The research study showing that the restoring process in a gene altering in Down syndrome; rescues the adult neurogenesis and learning and memory defects in mice. Where the researchers explaining the restoring a gene altered in Down syndrome called the Down syndrome critical region 1 (DSCR1) rescued adult neurogenesis and learning and memory defects in a Down syndrome mouse model (Ts65Dn).
In this procedure describing the restoring a gene altering in the Down syndrome called the Down syndrome critical region 1 (DSCR1) rescued adult neurogenesis and learning and memory defects in a Down syndrome mouse model (Ts65Dn). These results highlight that DSCR1 contributes to intellectual disability in Down syndrome, and further pave the way for treatment. But as adult neurogenesis is the process of generating new neurons in the adult brain.
Gene altering in Down syndrome
Defects in adult hippocampal neurogenesis have been observing in various animal models of neurological disorders; including schizophrenia, depression, Parkinson’s disease, Alzheimer’s disease, and neurodevelopmental disorders such as Down syndrome. However, the precise cellular and molecular mechanisms underlying adult hippocampal neurogenesis; and their links to neurological disorders are not well understood.
However, discovering that DSCR1 is required for adult hippocampal neurogenesis, and furthermore elucidated mechanisms underlying how DSCR1 regulates this process. They showed that DSCR1 binds to and modulates TET1 splicing, which subsequently controls miRNA-124 expression by regulating the methylation status of the miRNA-124 promoter. Loss of DSCR1 leads to increase TET1 levels, resulting in miRNA-124 promoter hypomethylation and increased miRNA-124 expression. But the DSCR1 transgenic mice display opposite changes; albeit they also have defects in adult hippocampal neurogenesis.

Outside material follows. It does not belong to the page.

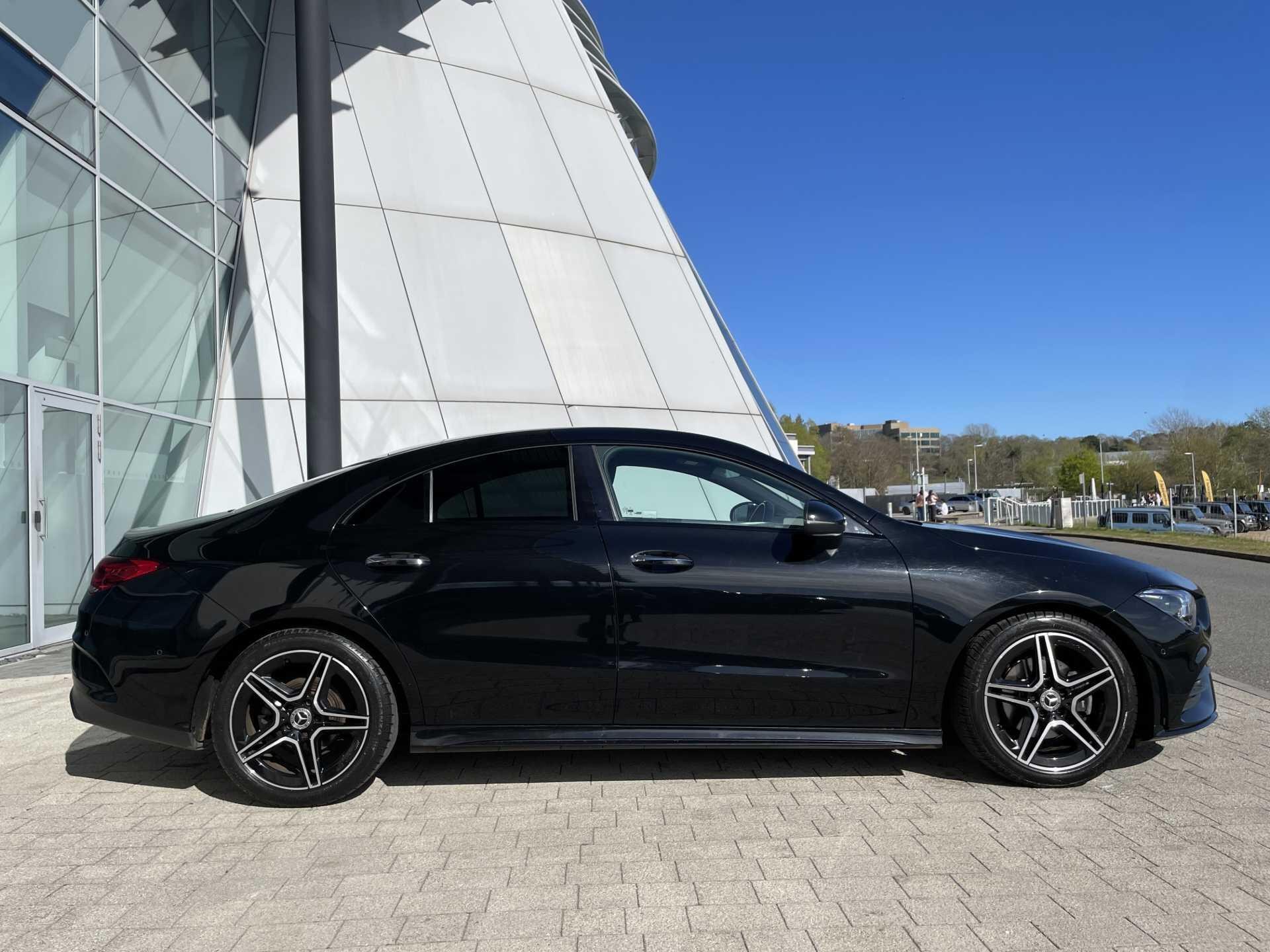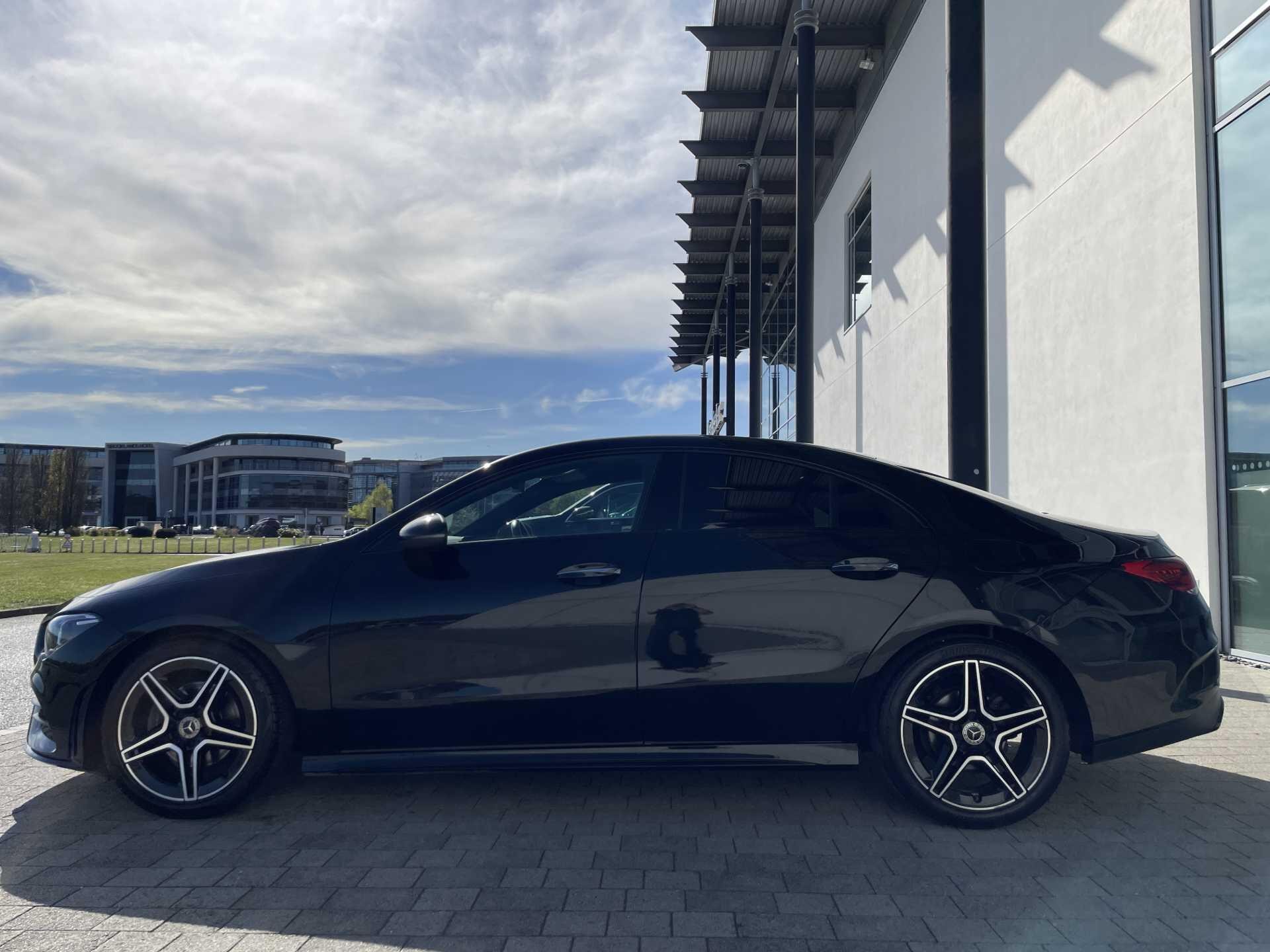 This 2023 Mercedes-Benz CLA180 AMG Line (Premium) is a Mercedes-Benz manufacturer approved vehicle with a full dealership service history and only one owner. It features a 1.3L petrol engine, meets Euro 6 emissions standards, and boasts an impressive fuel economy of 46 mpg. The AMG Line trim enhances its sporty appeal, while the Premium package includes the Keyless Go Comfort Package for effortless entry and starting, and the THERMOTRONIC luxury automatic climate control for personalised comfort.

Strikingly, correcting DSCR1 dosage alleviates both the impaired adult hippocampal neurogenesis and the defective learning and memory seen in a Down syndrome mouse model (Ts65Dn). Together, the results reveal that precise regulation of DSCR1 and the interplay between TET1 and miRNA-124 are crucial for normal adult hippocampal neurogenesis. These findings further highlight potential therapeutic targets for the treatment of Down syndrome and other neurological disorders associated with adult neurogenesis.
The expression of two epigenetic regulators; mediated by the DSCR1 protein, is important for regulating adult neurogenesis in the hippocampus. This is likely a key mechanism contributing to defective adult neurogenesis observed in the Down syndrome mouse model. The findings not only provide a basic understanding of the mechanisms regulating adult hippocampal neurogenesis; but will also contribute to the development of a novel therapy for the cognitive deficits manifested in Down syndrome patients.